School has begun. No time for something long and thoughtful that I haven't written yet(ha ha, you thought you'd escaped) So, in the spirit of the review journal this apparently is, here is my librarything review of A.S. Byatt's Possession
Possession by A.S. Byatt
A crime of passion, you might call it, when Roland Michell, a scholar of the great nineteenth century poet Randolph Henry Ash, steals two pages in the poet’s writing, the draft of a letter he discovers in a long-neglected book. The letter leads him to a possible intended recipient, the lesser known poet Christabel LaMotte, and that poet’s devoted scholar, Maud Bailey. Their present hums with academic espionage and whimpering, frustrated careers, the past is alive with journals, essays, and poetry, such poetry that the reader can’t help but dig in right along with the main characters, appreciating every sacrifice they make along the way.

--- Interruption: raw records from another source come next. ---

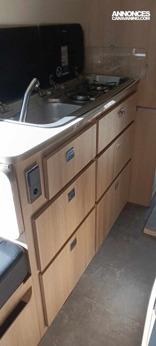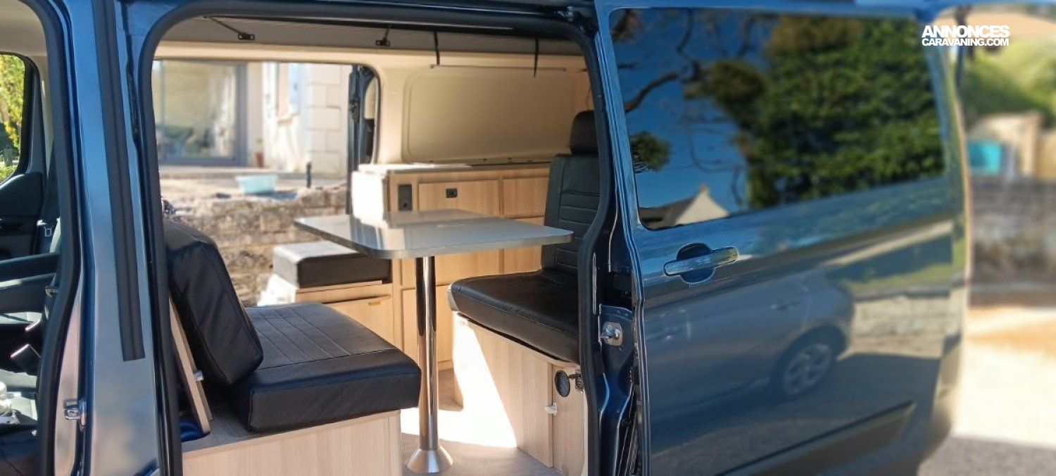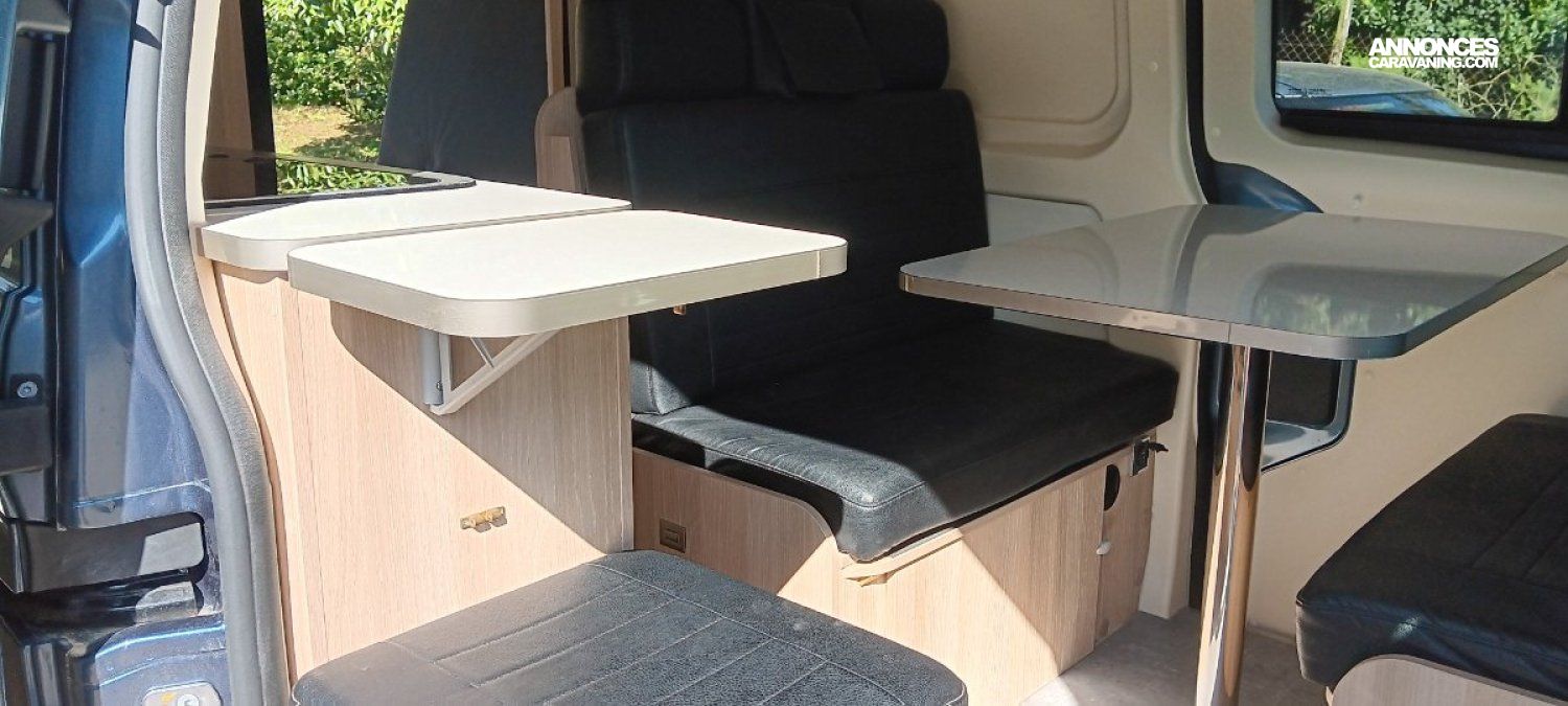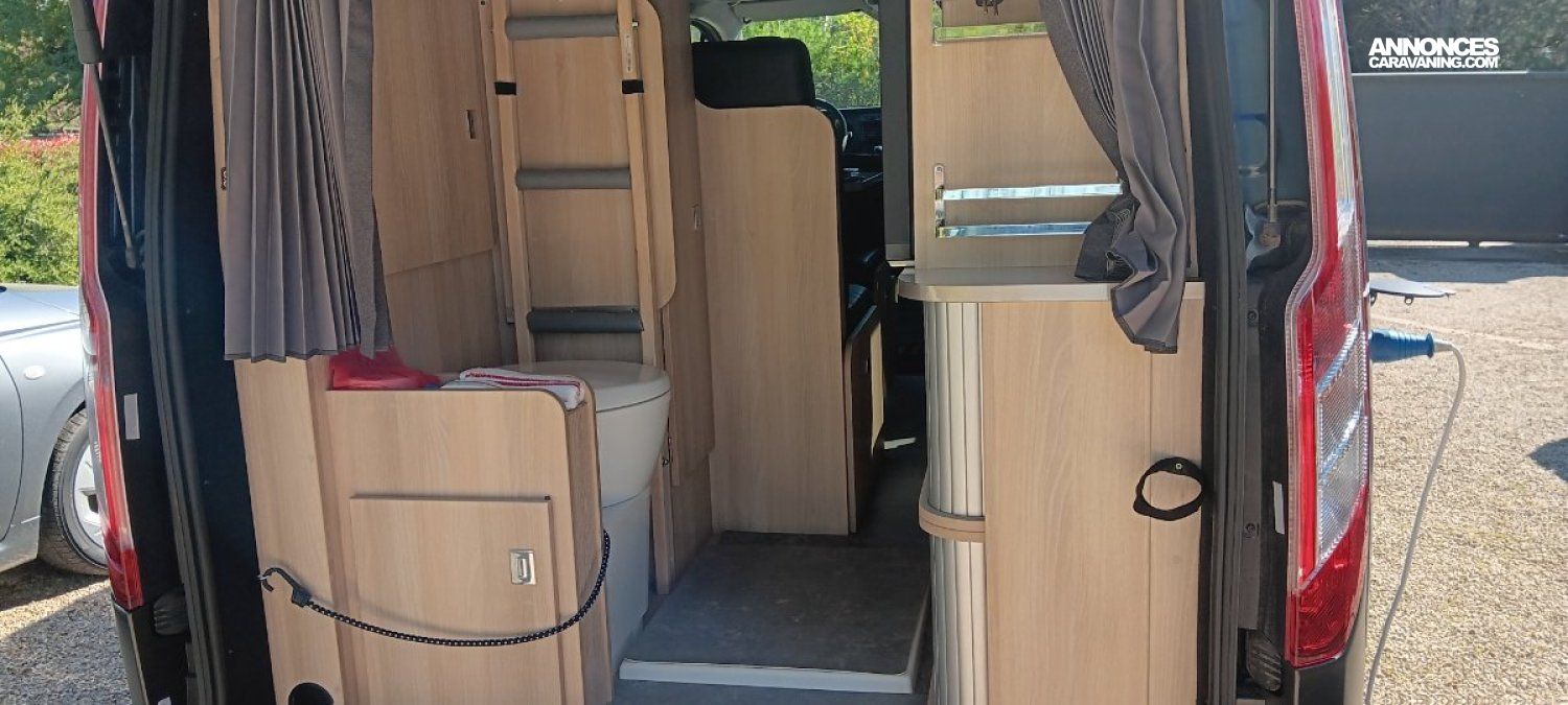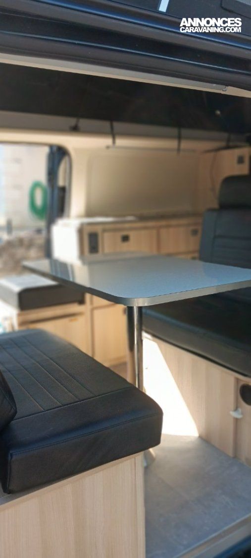 Van aménagé comprenant un grand salon avec banquette face / face, une cuisine avec de nombreux rangements, un réfrigérateur, une douche, un WC casette et un toit relevable.
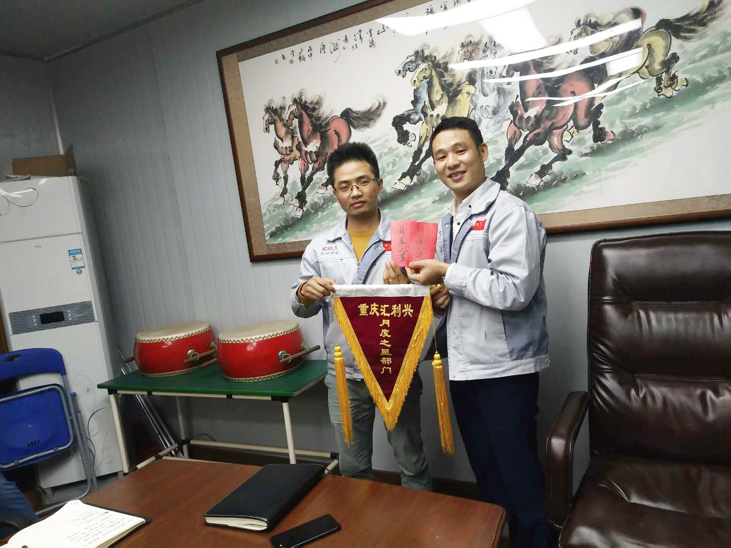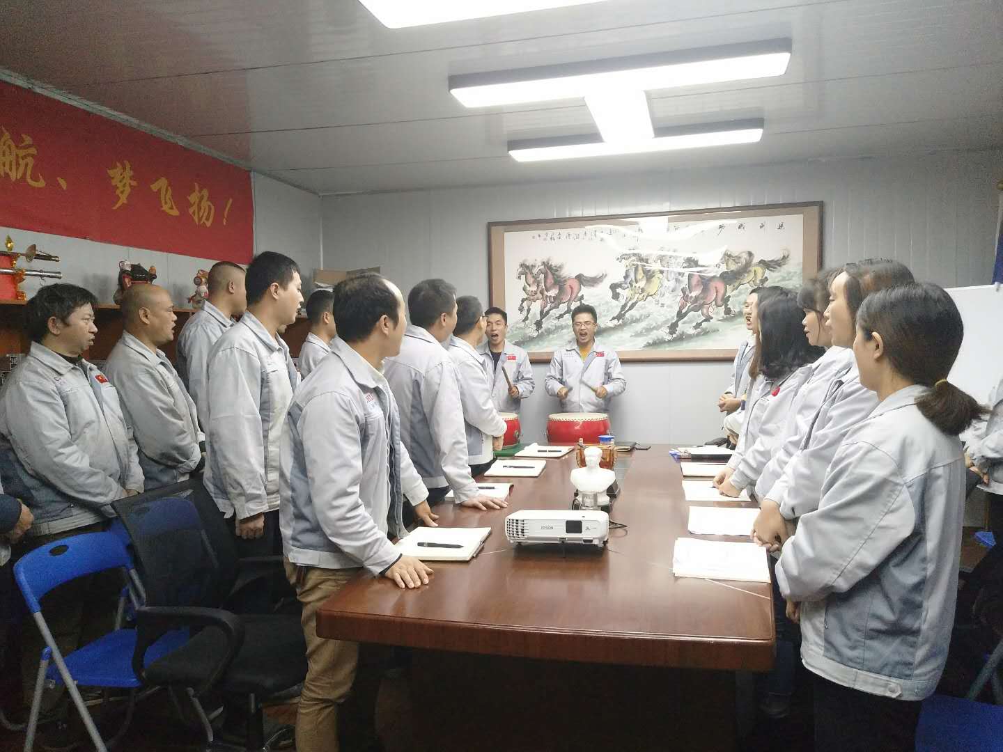 依次估稱簽到入場(chǎng) 會(huì)議召開(kāi)前,大家依次對(duì)企業(yè)三道(人道、孝道、商道)行三鞠躬,并督促我們應(yīng)時(shí)刻感謝自己、感謝父母及我們的合作伙伴;同時(shí)進(jìn)一步也敲響了匯利興士氣鼓,士氣比武器更重要進(jìn)而不斷的鼓舞自己鞭策自己,隨后會(huì)議正式開(kāi)始。 敲擊士鼓,士氣比武器更重要 會(huì)上,首先由張副總對(duì)十月份做相應(yīng)總結(jié),談到部門(mén)之間的配合度及個(gè)人對(duì)于崗位的付出,并表示隨著時(shí)間的增移我們需加快自己的腳步緊追我們的目標(biāo);其次每月度之星及部門(mén)的選舉和頒發(fā)獎(jiǎng)金;然后胡總做會(huì)議的總結(jié),談到各部門(mén)及先進(jìn)個(gè)人的年度總結(jié)進(jìn)而也盼望及希望每個(gè)人能更加努力、用心拼搏并在夢(mèng)想及目標(biāo)的道路上,一路披荊斬棘、奮勇向前毫不退縮。 張副總發(fā)言講話示意圖 如果說(shuō),有一種力量可以讓人堅(jiān)韌不拔,那便是團(tuán)隊(duì)的力量;如果說(shuō)有一種力量可以讓人心頭一暖,那便是團(tuán)隊(duì)的力量。大家相聚一起互助友愛(ài)、努力奮斗,用最貼切的關(guān)懷及行動(dòng)來(lái)表達(dá)對(duì)同事間的關(guān)愛(ài)和對(duì)工作的付出從未求回報(bào),而他們就是此次榮獲月度之星的“張副總”和月度部門(mén)“銷(xiāo)售部”。在此感謝他們的奉獻(xiàn)及付出同時(shí)在此祝賀他們,進(jìn)而也希望他們?cè)诖撕蟮穆烦躺夏芨优Α?/span> 雙星代表人“張副總”(圖左)與“胡總”(圖右)進(jìn)行合影
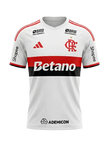 - Escudo do Flamengo no lado esquerdo com estrela superior.
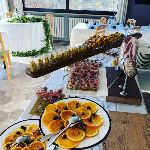 Located on the city wall of Moro d'Alba, this is a fairly large restaurant. The front glass building is cozy, with (or rather, without) views of the street, parking lot, and city wall. The back room isn't as cozy, but offers a fantastic view of the rolling hills.
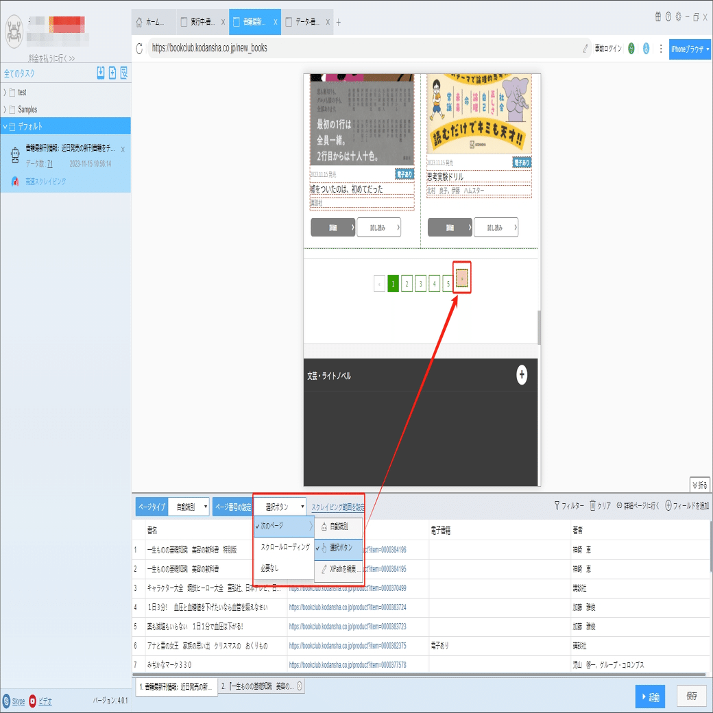 ScrapeStormは自動的にリスト要素とページボタンを識別できます。今回は手動でページボタンを識別します。下記のチュートリアルも参照してください。
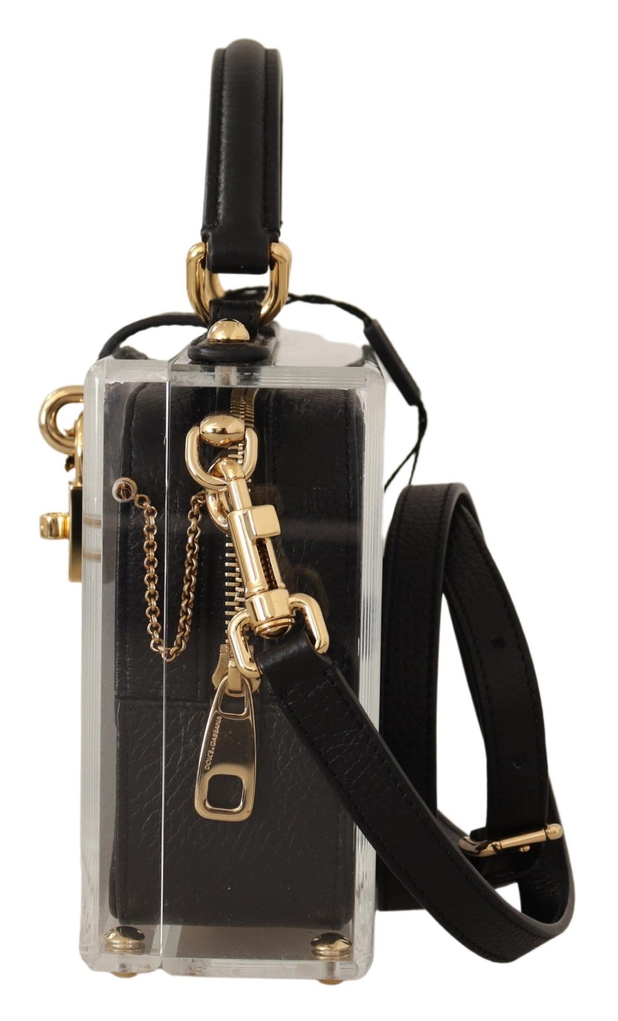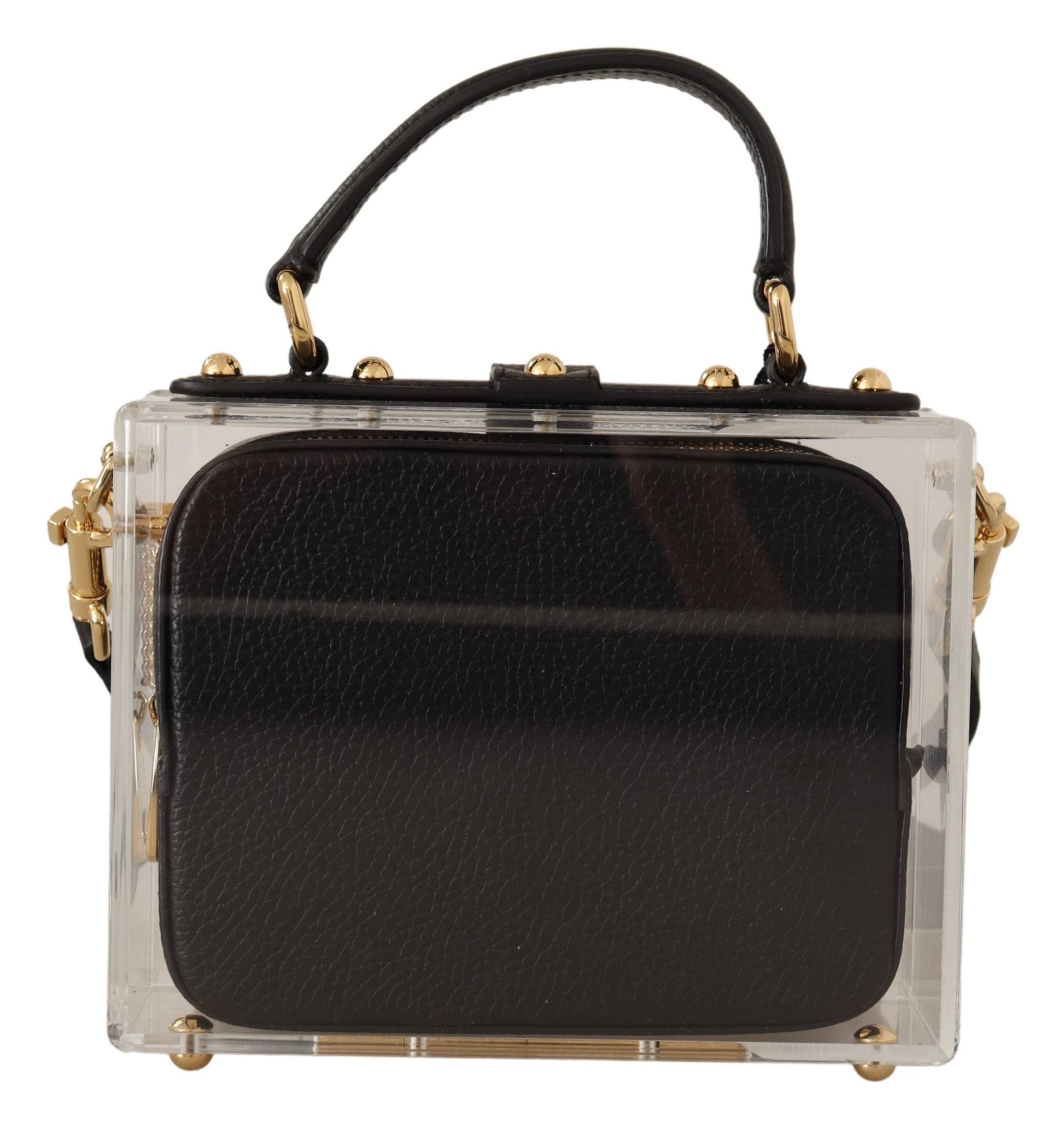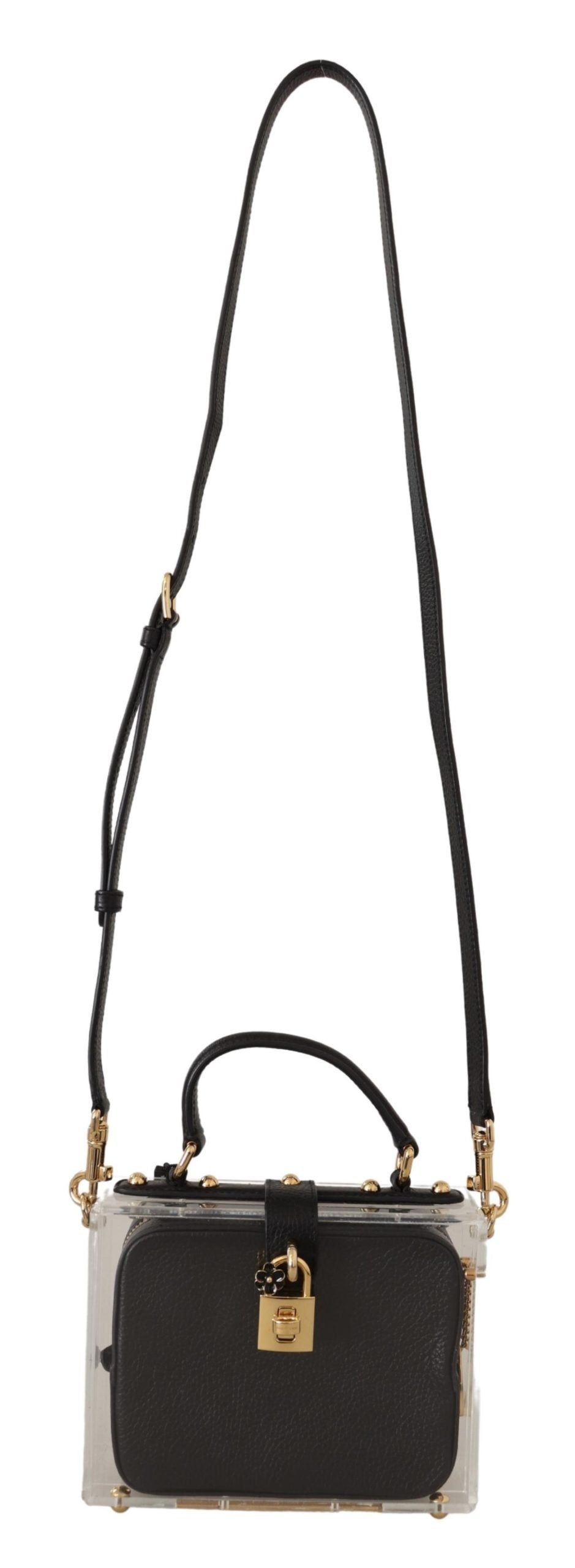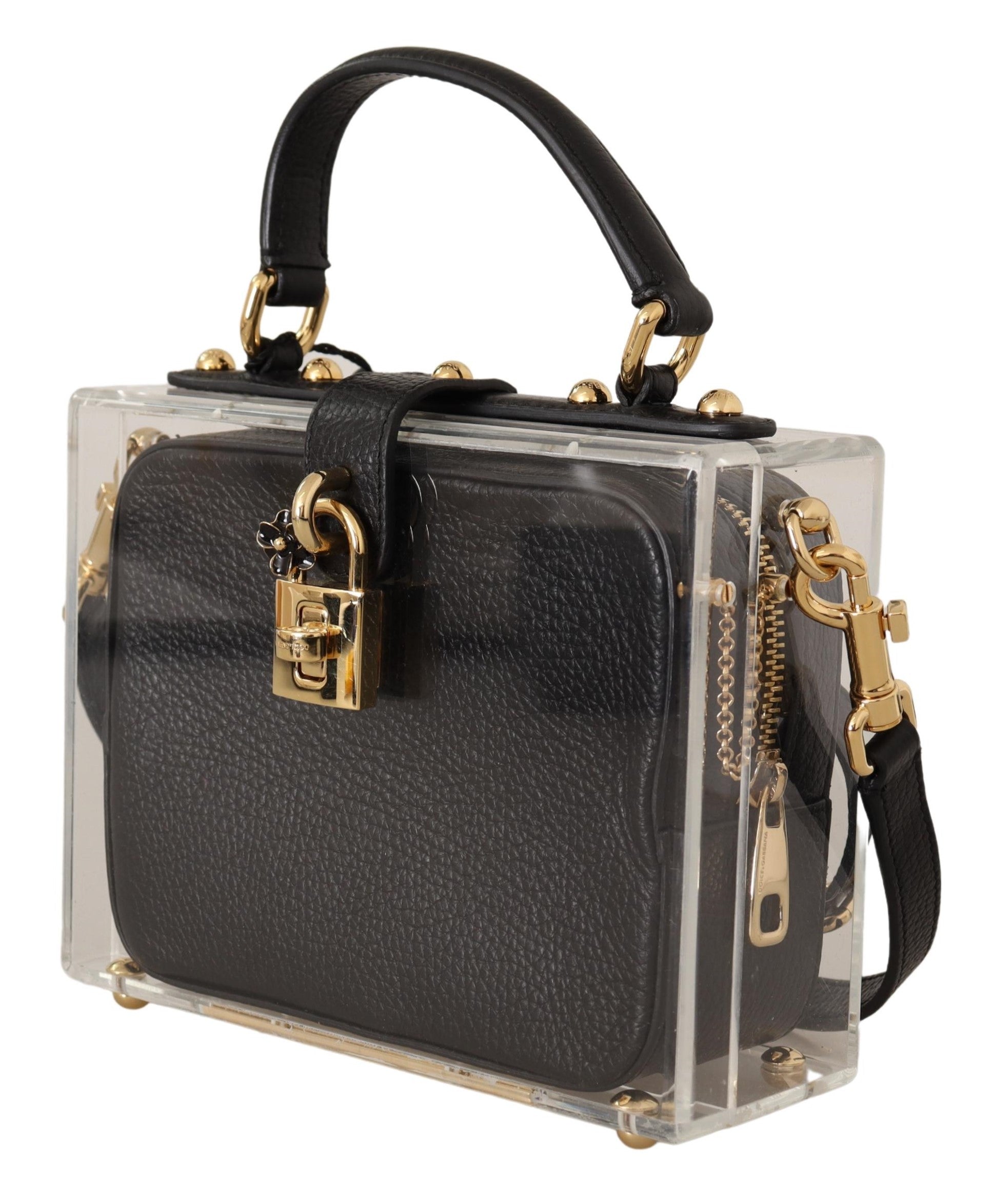 Wunderschöne, brandneue, 100% authentische Dolce & Gabbana Box Bag aus Plexiglas und Leder. Ein Vorhängeschloss mit Drehverschluss mit goldfarbener Hardware, einem oberen Griff und einem Schulterriemen.

We meet the poets of the past, and snatch their precious secrets from hidey-holes and graves. Despite our distance from them, Ash and LaMotte are so very real, so fragile and so great, the essence, masculine and feminine, of the nineteenth century. And here is Byatt’s feat. She wrote every stitch of their work herself. Though very much their own persons, these two are meant to be the embodiment of their age, and have as much to say about our idealization of the past figures that we build our knowledge upon as about themselves.
More than a romance, although it can certainly be enjoyed that way, the key to the book’s layered meanings is its title. In Byatt’s new introduction, she explains that the idea of the novel came to her while she was contemplating a literary scholar, wondering if the scholar’s subject possessed the scholar, or the reverse. Of course, both are true, as is every extrapolation thereof we can become dizzy contemplating.
Possession has the dearth and architecture of a 19th century novel. Byatt has a gift for character voice, each point of view unmistakable, every world within world breathing history and charm. Wise, kind, and full of a kind of intimate detail any scholar or bibliophile would appreciate, this is a sensory treasure.
See you all on the other side of September. Feel free to cut to the Greenday song.